Консьянс блаженный - Александр Дюма 12 стр.


Нет ничего удивительного в том, что он охотно ухватился за возможность съездить в Виллер-Котре и согласился раньше времени расстаться со своими любимыми деньгами, хотя до срока платежа оставалась еще неделя.

Вот так и получилось, что обе матери, папаша Каде и маленький Пьер все вместе отправились в Виллер-Котре.

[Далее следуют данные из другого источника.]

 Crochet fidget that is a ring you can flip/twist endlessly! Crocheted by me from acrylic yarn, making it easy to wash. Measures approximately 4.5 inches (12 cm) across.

В городок они добрались к одиннадцати; все население собралось около мэрии, то есть на Церковной улице и Замковой площади (мэрия соседствовала с церковью и выходила на Замковую площадь).

Там, образовав группки, столь же полные отчаяния, как кучки иудеев, плакавших на берегах Евфрата, собрались отцы, матери и сестры молодых людей, которым предстояло участвовать в жеребьевке, а также сами эти молодые люди, едва только вышедшие из детства и отличавшиеся слабостью телосложения, бледностью, а особенно ползущими по щекам слезами.

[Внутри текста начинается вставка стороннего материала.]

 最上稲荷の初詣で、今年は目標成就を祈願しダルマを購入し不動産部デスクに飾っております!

Некоторые из них искали утешения в вине, и шумная их беззаботность (причину ее нетрудно было разгадать) действовала на душу еще мучительнее, нежели печаль и слезы их остальных сверстников.

Группки эти не смешивались. Каждая состояла из жителей одной деревни, и каждая смотрела на другую с ненавистью, моля Бога о том, чтобы львиная доля этого чудовищного налога на кровь пришлась не на них, а на соседей.

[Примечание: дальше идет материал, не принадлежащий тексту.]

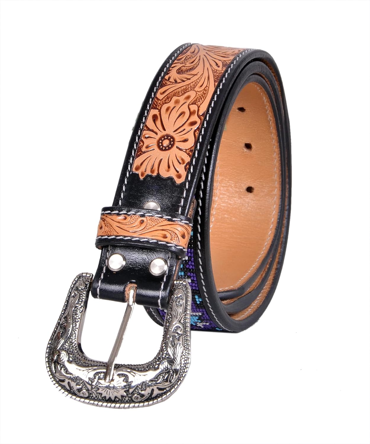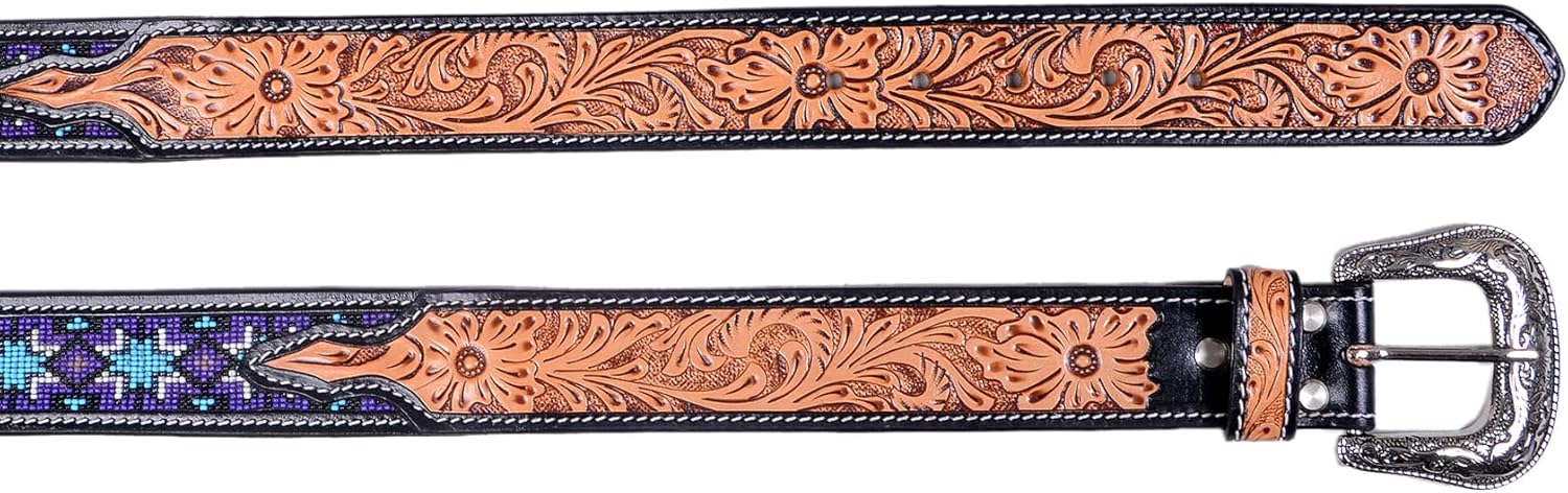 Handcrafted Western Beaded Leather Belt for Men & Women - Vintage Floral Tooled Design with Engraved Silver Buckle Enhance your outfit with this Western leather belt, designed for those who appreciate quality craftsmanship and classic cowboy style. This premium hand-tooled leather belt is made from genuine, full-grain leather, ensuring durability and comfort for long-lasting wear. The belt showcases an intricate floral tooling pattern, perfect for adding a touch of rustic charm to your wardrobe. The belt's ornate silver buckle features finely detailed engravings, giving it an authentic vintage Western look. The elegant two-tone design, with rich brown leather and contrasting black accents, is enhanced by striking white cutout details, making this belt a standout accessory for any outfit. This Western cowboy belt pairs perfectly with jeans, dress pants, or even dresses, making it versatile for country concerts, rodeo events, and everyday wear. Key Features: Premium Quality Leather: Made from high-grade, full-grain leather that’s built to last. Handcrafted Floral Tooling: Each belt is meticulously hand-tooled with a classic Western floral design. Ornate Silver Buckle: Vintage-style engraved buckle adds a touch of elegance and authenticity. Versatile Western Belt: Ideal for cowboy outfits, country fashion, and Western-themed events. Perfect for Men and Women: Unisex design that works great for both men's and women's fashion. Available in Various Sizes: Multiple size options for a comfortable fit. Great for: Western fashion enthusiasts looking for a stylish leather belt. Those in search of a rodeo belt, country concert belt, or an accessory for a Western-themed wedding. Everyday wear, whether dressing up jeans with a cowboy belt or accessorizing a casual dress. Care Instructions: To maintain the beauty of this leather belt, use leather conditioner periodically and avoid exposure to moisture.

Ждали окончания мессы, после которой можно было приступить к жеребьевке.

Из церкви вышло очень много людей, и все невеселые. Церковь оказалась настолько переполненной верующими, что коленопреклоненных людей можно было увидеть даже посреди улицы: дни бедствия — это дни благочестия.

Когда церковь опустела, барабанная дробь возвестила начало жеребьевки.

Звуки эти похоронным звоном, словно провозвестники горя, отозвались в глубине всех сердец. Вот уже три или четыре года матери проклинали этот барабан войны!

Мэр, опоясанный шарфом, вместе с двумя помощниками в сопровождении жандармского бригадира и четырех жандармов прошествовал мимо собравшихся.

Каждый приветствовал его самым почтительным образом. Те, кто имел честь быть с ним хоть немного знакомым, приветствуя, обращались к нему по имени, и ответом им служил покровительственный жест его руки.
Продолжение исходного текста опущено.